8) Use of medication
If changes in your diet and lifestyle do not help, then you should talk to your doctor (physician, gastroenterologist) who can recommend the use of an appropriate laxative. The use of medication helps relieve constipation.
There are laxatives that aim to increase stool volume (such as fiber supplements), while some laxatives increase bowel motility by stimulating the contraction of intestinal muscles to push intestinal contents toward the anus. Long-term use of laxatives belonging to the second group should be avoided as it leads to intestinal inertia and ultimately ceases to be an effective solution for relieving constipation.
Furthermore, it is important Consult your gastroenterologist or pharmacist before consuming any supplement or herbal tea that guarantees relief from constipation.
Communicate with your doctor
Although constipation can be treated through diet, with lifestyle changes and/or medication, it is important to contact your doctor if constipation lasts for more than 3 weeks and/or is accompanied by other symptoms such as pain and lack of bowel movements for a few days.

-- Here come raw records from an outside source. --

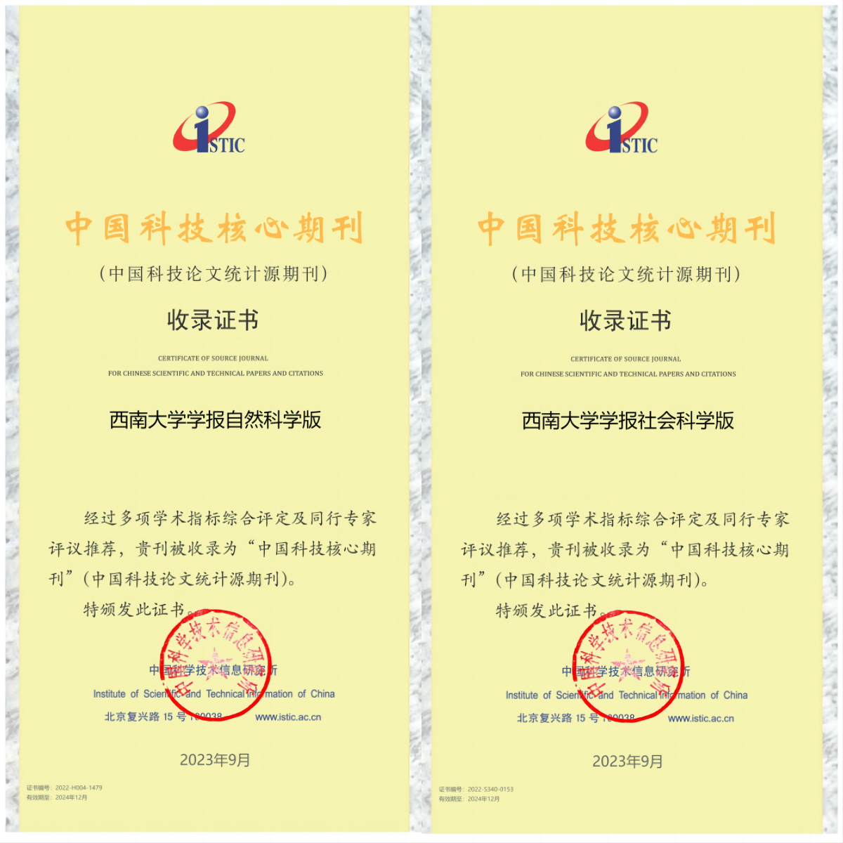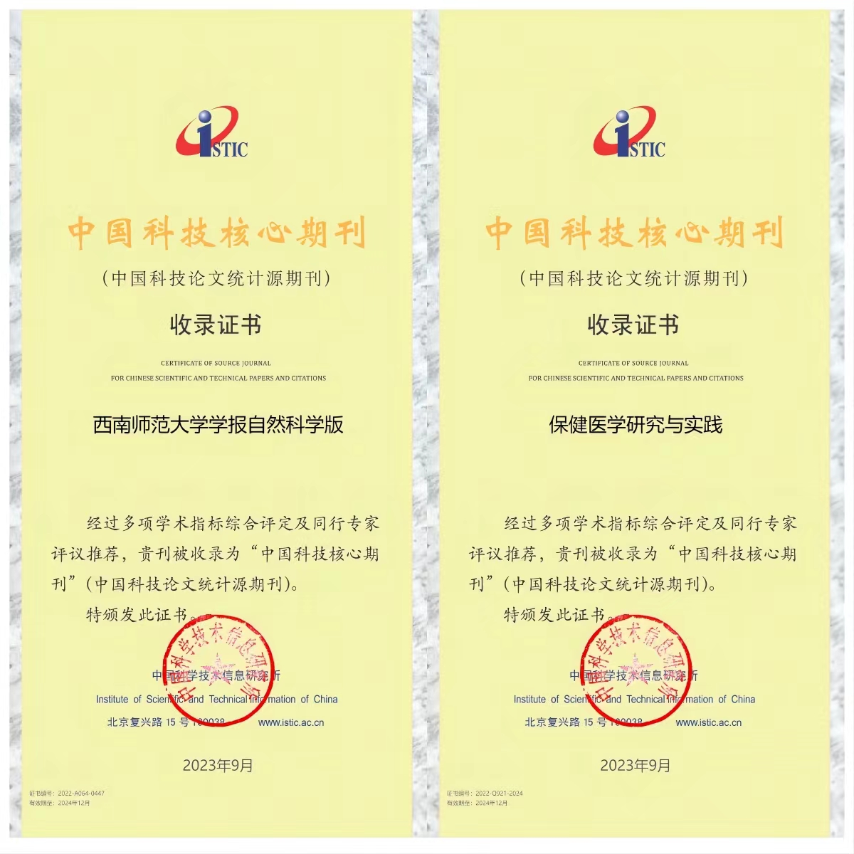 9月20日,中国科学技术信息研究所(ISTIC)发布2023年中国科技核心期刊目录,学校主办的《Beat365中文官方网站学报(自然科学版)》《Beat365中文官方网站学报(社会科学版)》《保健医学研究与实践》《西南师范大学学报(自然科学版)》四种期刊继续入选“中国科技核心期刊”。
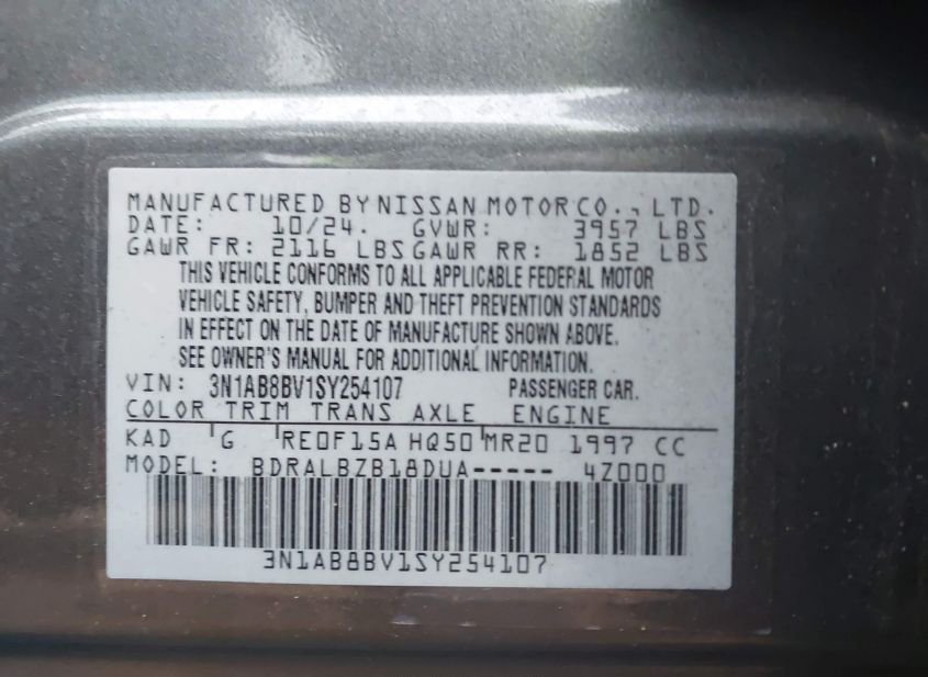 - VIN: 3N1AB8BV1SY254107
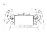 As shown inFIG. 32(a), the cross button (direction-input button)54A and thebuttons54B to54H, of theoperation buttons54A to54L, are provided on the front surface of thehousing50. That is, thesebuttons54A to54H are provided at positions at which they can be operated by the thumbs of the user (seeFIG. 33).
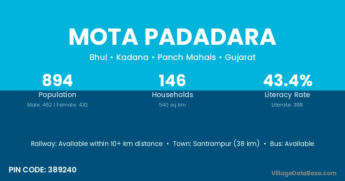 According to Census 2011 information, the village code of Mota Padadara village is 389240.
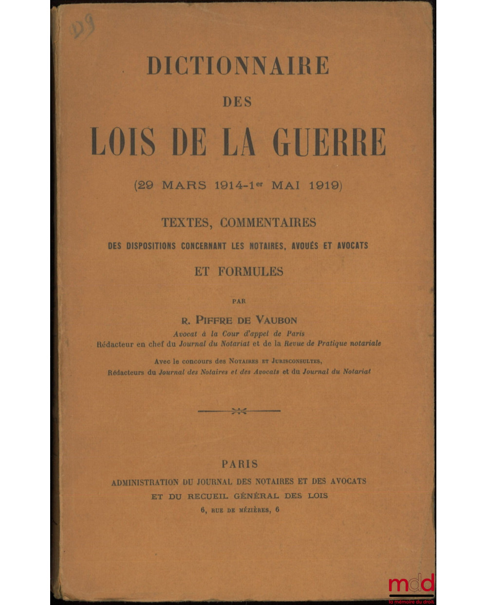 DICTIONNAIRE DES LOIS DE LA GUERRE (29 mars 1914 - 1er mai 1919), Textes, Commentaires des dispositions concernant les notaires, avoués et avocats, et formules
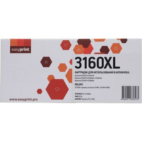 Купить Лазерный картридж EasyPrint LK-3160XL (TK-3160) для принтеров Kyocera P3045dn/P3050dn/P3055dn/P3060dn, с чипом, черный
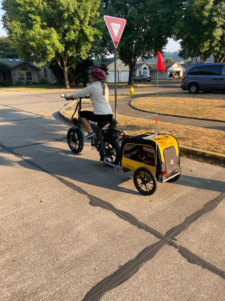 The more we use this trailer, the more I love it! The size is perfect for my small-to-medium-sized dog. I love watching her enjoy the ride through the mirrors. The tires handle well on both sand and pavement, and it's quick and easy to install on my bike. Overall, it's worth the money, lightweight, and super easy to assemble. My dog approved, and so do I!
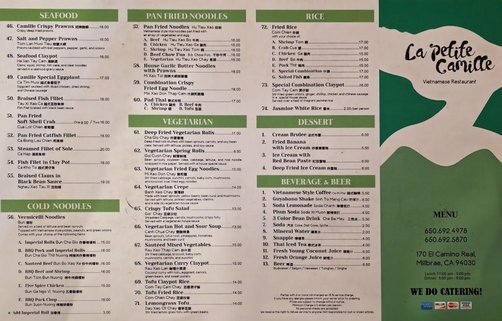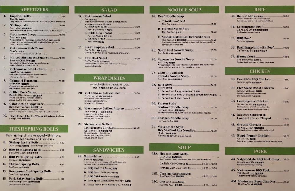 The menu at La Petite Camille features a variety of Vietnamese offerings. From nourishing pho to sizzling banh xeo, options abound for all palates.

Furthermore, if you have any additional symptoms such as blood in your stool, fever, weight loss, or fatigue, this is a sign of a more serious underlying disease and you should consult a specialist. The gastroenterologist will perform the appropriate tests and recommend a personalized treatment approach after evaluating your symptoms and the pathophysiology of your constipation.
In conclusion
There are several factors that can contribute to the development of constipation, including a diet low in fiber and fluids, modern lifestyle, side effects of certain medications, and underlying medical conditions.
People can successfully treat constipation by making changes to their diet (consuming fiber, staying hydrated) and lifestyle (exercising). However, medication may also be required to manage constipation in some individuals.